─── Stored data
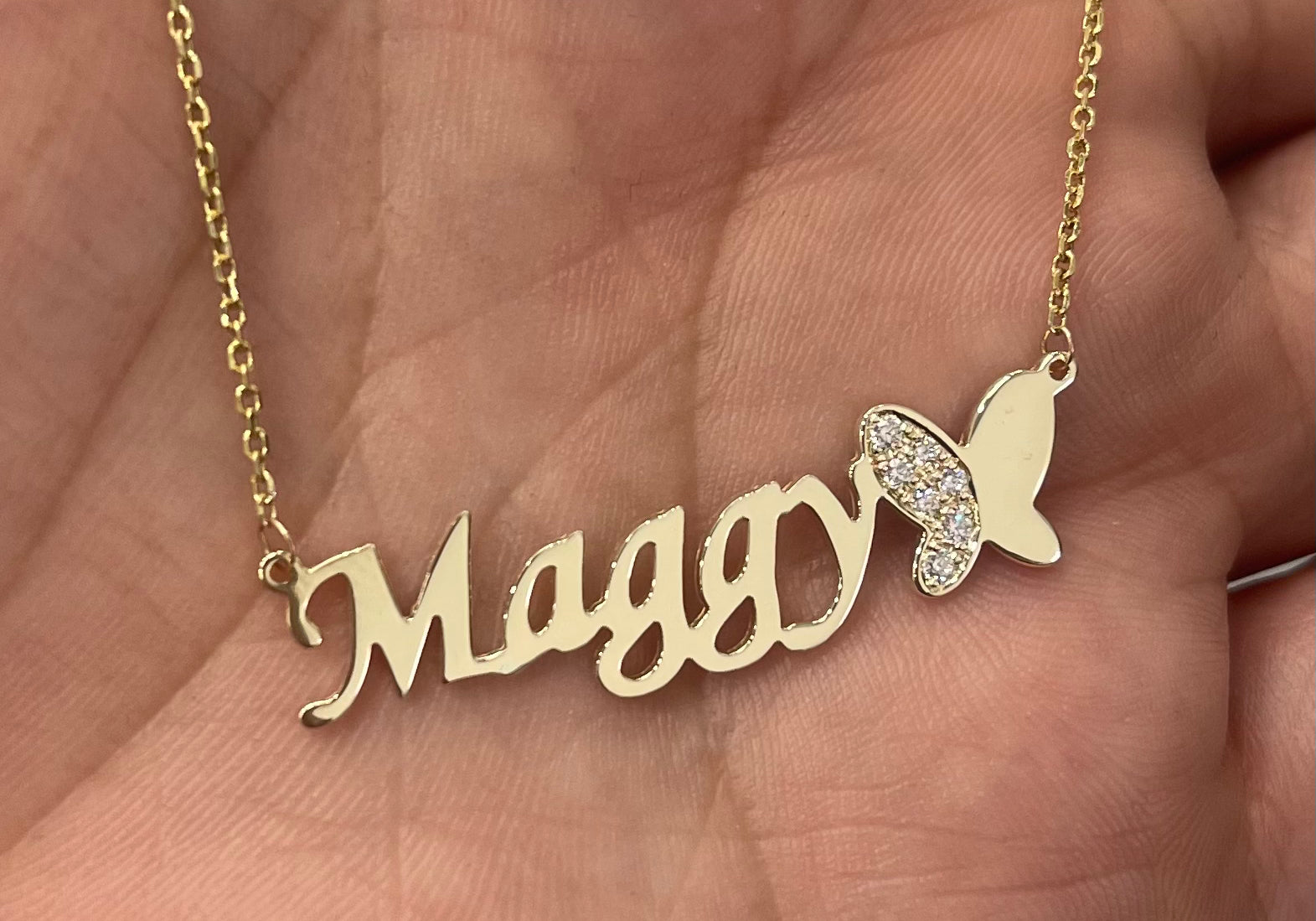 Butterfly Diamond Name Necklace Solid Gold
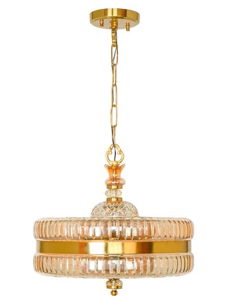 he RoundBoxCutGlass-16-HL4 is a masterpiece of light and glass, designed to bring a sophisticated glow to any Transitional interior. This 16-inch wide hanging light features a stunning enclosed drum silhouette crafted from high-quality hand-cut glass. The glass is finished with a warm golden luster, which enhances the refraction of light through the intricate vertical patterns, creating a shimmering, multi-dimensional effect. The fixture is elegantly held by high-grade brass fittings, including a striking central gold-tone band that anchors the design with a touch of modern luxury. Equipped with 4 light holders, this pendant provides ample, brilliant illumination, making it a perfect centerpiece for dining tables, luxury bedrooms, or grand foyers. Standing 14 inches in height with an additional 10-inch chain for adjustable hanging, it offers the perfect balance of artisanal craftsmanship and functional design.
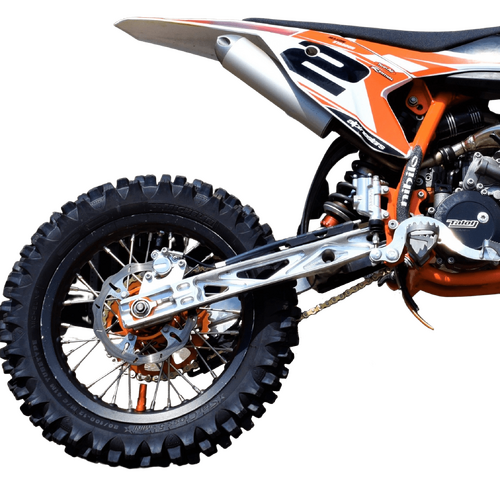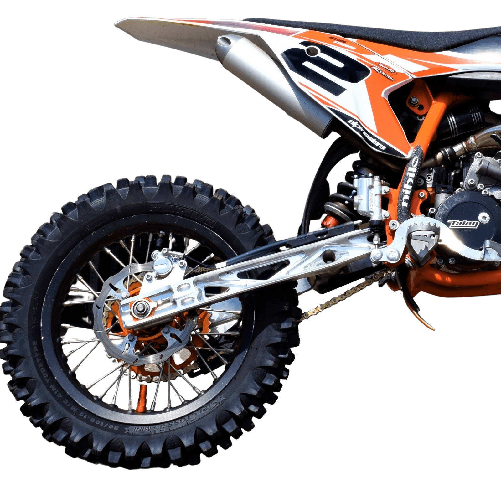 - Increased compliance of the swingarm allows for a more confidence-inspiring feel so that youngsters can push the limits harder through rough sections and have better control during hard landings.
──────
▶ Directions for this task
Reproduce all the material exactly, omitting images.

▶ Solution
 Butterfly Diamond Name Necklace Solid Gold
 he RoundBoxCutGlass-16-HL4 is a masterpiece of light and glass, designed to bring a sophisticated glow to any Transitional interior. This 16-inch wide hanging light features a stunning enclosed drum silhouette crafted from high-quality hand-cut glass. The glass is finished with a warm golden luster, which enhances the refraction of light through the intricate vertical patterns, creating a shimmering, multi-dimensional effect. The fixture is elegantly held by high-grade brass fittings, including a striking central gold-tone band that anchors the design with a touch of modern luxury. Equipped with 4 light holders, this pendant provides ample, brilliant illumination, making it a perfect centerpiece for dining tables, luxury bedrooms, or grand foyers. Standing 14 inches in height with an additional 10-inch chain for adjustable hanging, it offers the perfect balance of artisanal craftsmanship and functional design.
 - Increased compliance of the swingarm allows for a more confidence-inspiring feel so that youngsters can push the limits harder through rough sections and have better control during hard landings.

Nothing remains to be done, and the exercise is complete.